DESCRIPTION OF THE TASK:
Please give back the listing exactly, without any of its pictures.

STORED DATA:
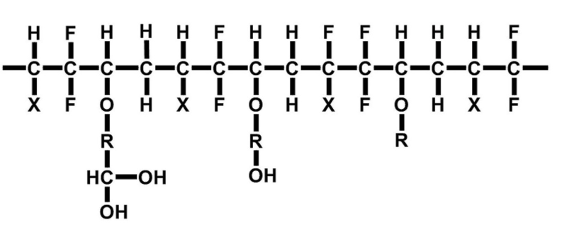 目前,典型的溶劑型氟碳樹(shù)脂主要是FEVE型(氟烯烴和烷基乙烯基醚或氟烯烴和烷基乙烯基酯交互排列的共聚) 氟碳樹(shù)脂,分子結(jié)構(gòu)見(jiàn)圖,引入新的基團(tuán),增加了樹(shù)脂在溶劑中的溶解性能:
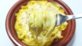 スモークチーズを混ぜ込んだベーコンバターごはんで、短冊状のモザレラチーズとチーズソースを包みました。
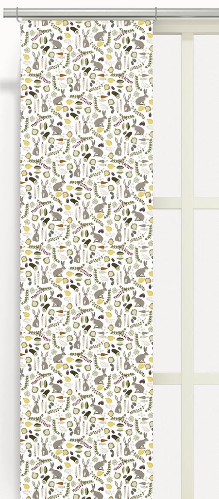 Beskrivning av Harens grönsaksfest grå panelgardiner

YOUR RESPONSE:
 目前,典型的溶劑型氟碳樹(shù)脂主要是FEVE型(氟烯烴和烷基乙烯基醚或氟烯烴和烷基乙烯基酯交互排列的共聚) 氟碳樹(shù)脂,分子結(jié)構(gòu)見(jiàn)圖,引入新的基團(tuán),增加了樹(shù)脂在溶劑中的溶解性能:
 スモークチーズを混ぜ込んだベーコンバターごはんで、短冊状のモザレラチーズとチーズソースを包みました。
 Beskrivning av Harens grönsaksfest grå panelgardiner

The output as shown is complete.